= Organization and expression of immunoglobulin genes =

The organization and expression of immunoglobulin genes are fundamental processes that enable the adaptive immune system to produce a vast repertoire of antibodies, essential for recognizing and neutralizing diverse antigens.

Antibody (or immunoglobulin) quaternary structure is made up of two heavy-chains and two light-chains. These chains are held together by disulfide bonds. The arrangement of genes and processes that put together different parts of antibody molecules play important roles in antibody diversity and production of different classes or subclasses of antibodies. The organization of genes is relatively conserved in stem cell precursors, and processes take place during the development and differentiation of B cells that lead to many different arrangements of variable segments.
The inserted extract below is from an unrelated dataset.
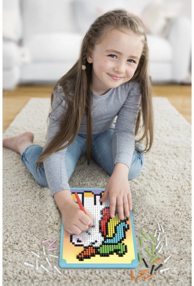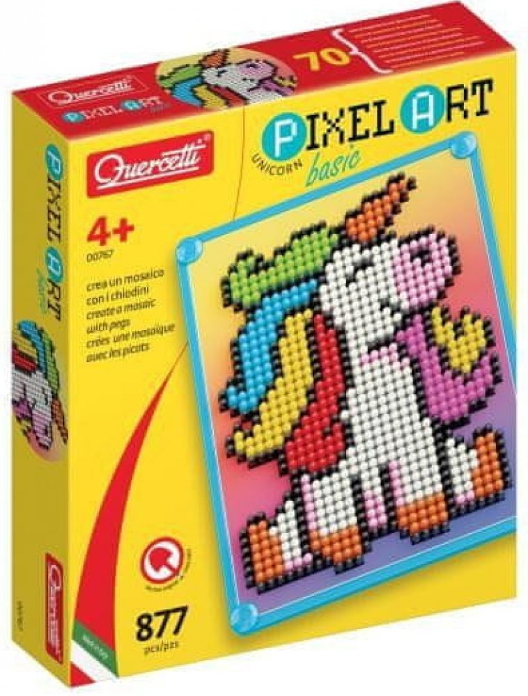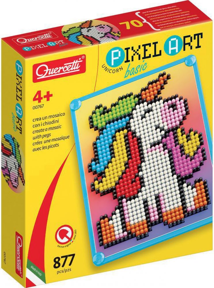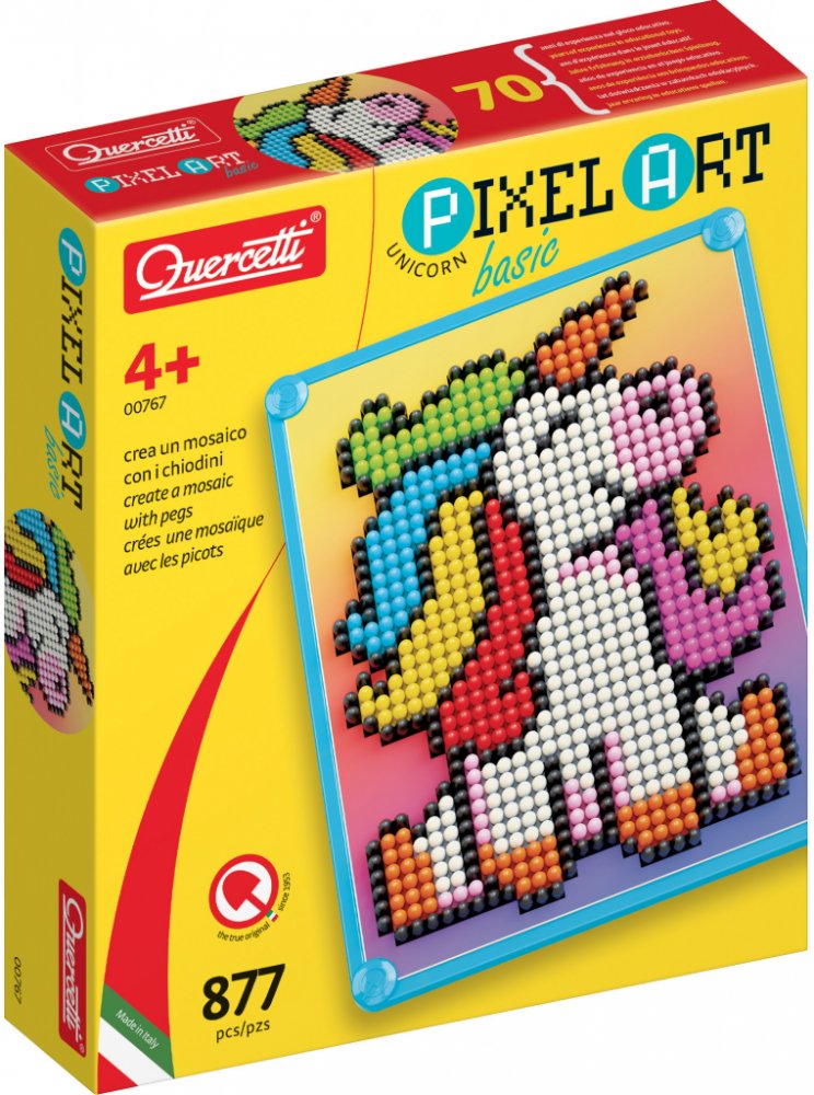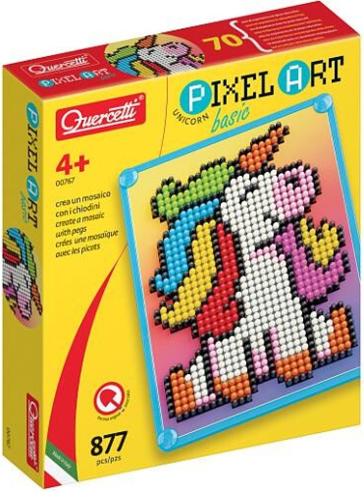 Quercetti 00767 Pixel Art Basic - Jednorožec, Vytvořte mozaiku pomocí kolíčků! Fantastické mozaiky s rámečky k sestavení pomocí kolíčků. Tato hračka pomáhá podporovat koncentraci.

That is, the controlled gene expression during transcription and translation coupled with the rearrangements of immunoglobulin gene segments result in the generation of antibody repertoire during development and maturation of B cells.

== B-Cell development ==

During the development of B cells, the immunoglobulin gene undergoes sequences of rearrangements that lead to formation of the antibody repertoire. For example, in the early stages of transition from pro-B cell to pre-B cell, a partial rearrangement of the heavy-chain gene occurs which is followed by complete rearrangement of heavy-chain gene. At this stage (Pre-B cell), the μ heavy chain and surrogate light chain are formed. The final rearrangement of the light chain gene generates immature B cell and membrane-bound IgM (mIgM). The process explained here occurs during development of naïve B cells, prior to exposure to exogenous antigens. The mature B cell formed as a result of these processing changes leaves the bone marrow and may then be stimulated by an antigen to develop into antibody-secreting plasma cells. Also at first, the mature B cell expresses membrane-bound IgD and IgM. These two classes could switch to secretory IgD and IgM during the processing of mRNAs.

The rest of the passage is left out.